◆ EXERCISE DIRECTIONS: Could every line of the listing be output exactly, with the pictures skipped?

◆ RECORDED DATA:
-- Opening Marker --

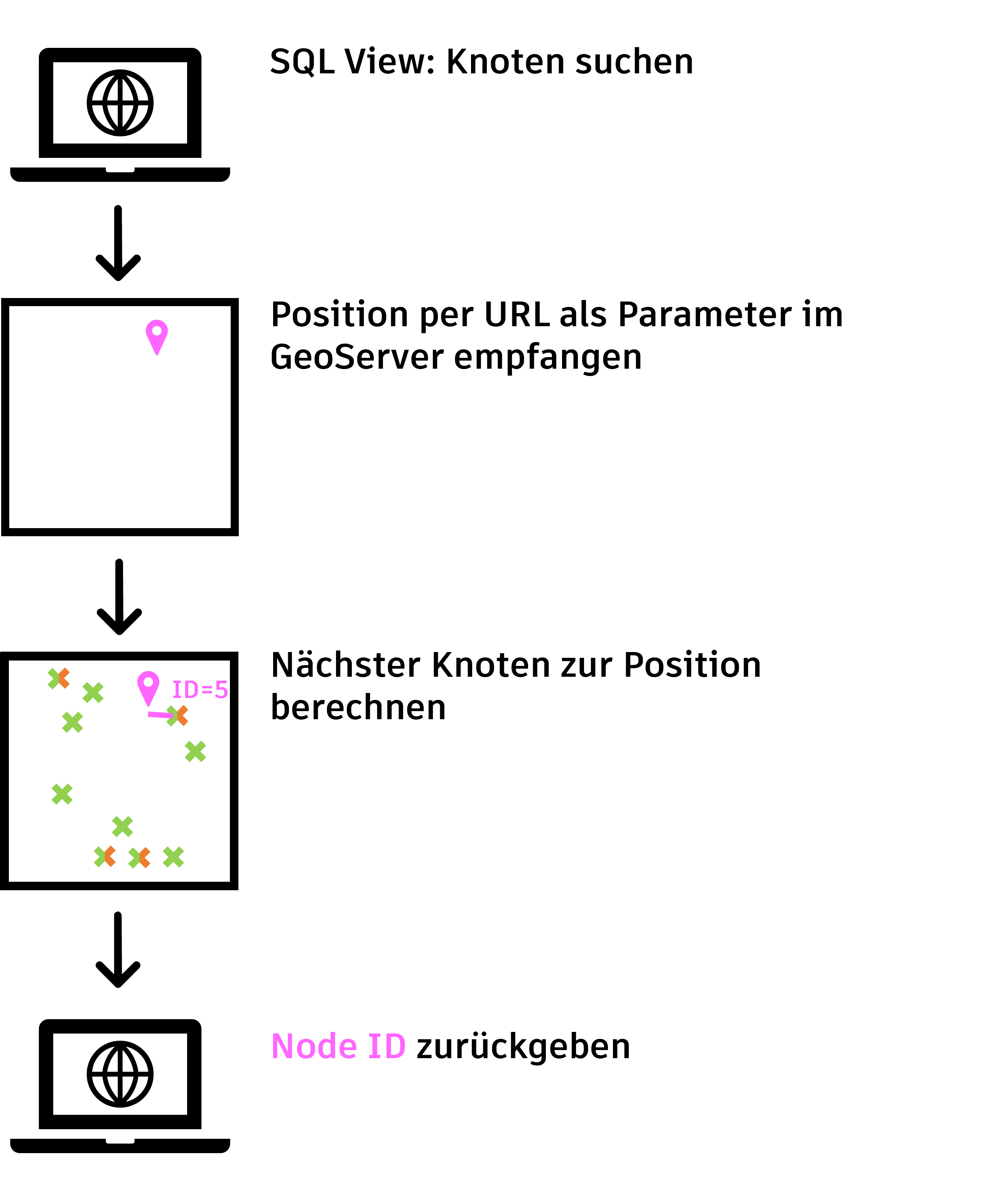 SQL Views : Mit SQL Views auf dem GeoServer können nur gewünschte Objekte per WFS bezogen werden. Die Parameter werden dabei per URL übergeben. Es konnten verschiedenste SQL Views mit unterschiedlichen Parameter, Wertebereiche und Funktionen kreiert werden.
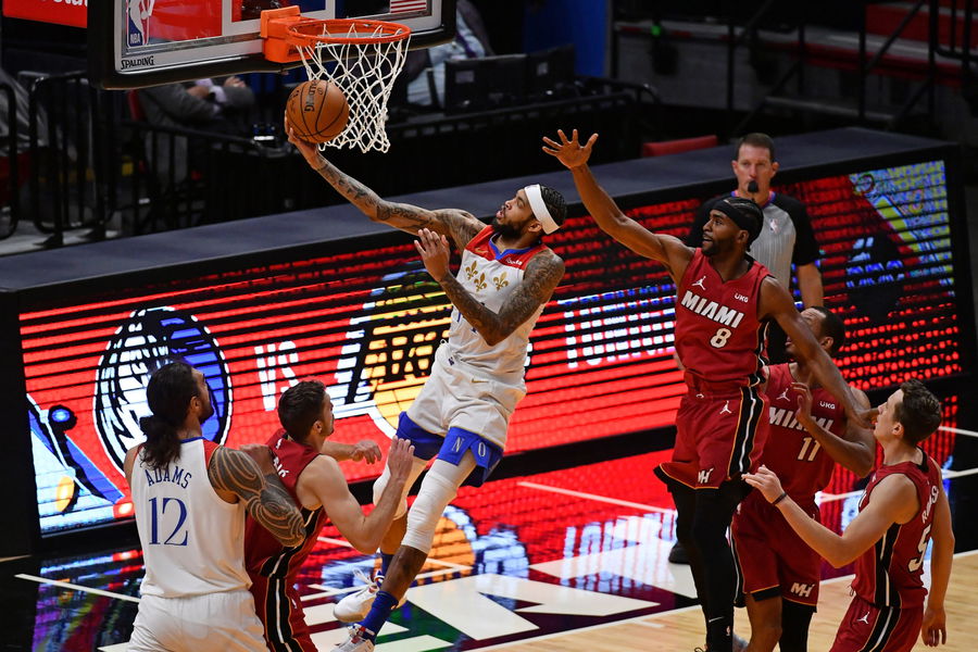 Dec 25, 2020; Miami, Florida, USA; New Orleans Pelicans forward Brandon Ingram (14) shoots the ball against the Miami Heat during the second half at American Airlines Arena. Mandatory Credit: Jasen Vinlove-USA TODAY Sports
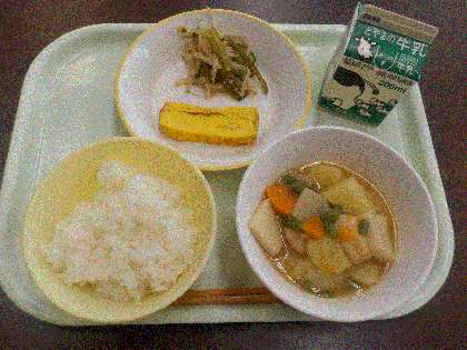 今日の献立は、ごはん、牛乳、厚焼き卵、茎わかめのごま酢和え、関東だきでした。

-- Closing Marker --

◆ SOLUTION FOR THIS PROBLEM:
 SQL Views : Mit SQL Views auf dem GeoServer können nur gewünschte Objekte per WFS bezogen werden. Die Parameter werden dabei per URL übergeben. Es konnten verschiedenste SQL Views mit unterschiedlichen Parameter, Wertebereiche und Funktionen kreiert werden.
 Dec 25, 2020; Miami, Florida, USA; New Orleans Pelicans forward Brandon Ingram (14) shoots the ball against the Miami Heat during the second half at American Airlines Arena. Mandatory Credit: Jasen Vinlove-USA TODAY Sports
 今日の献立は、ごはん、牛乳、厚焼き卵、茎わかめのごま酢和え、関東だきでした。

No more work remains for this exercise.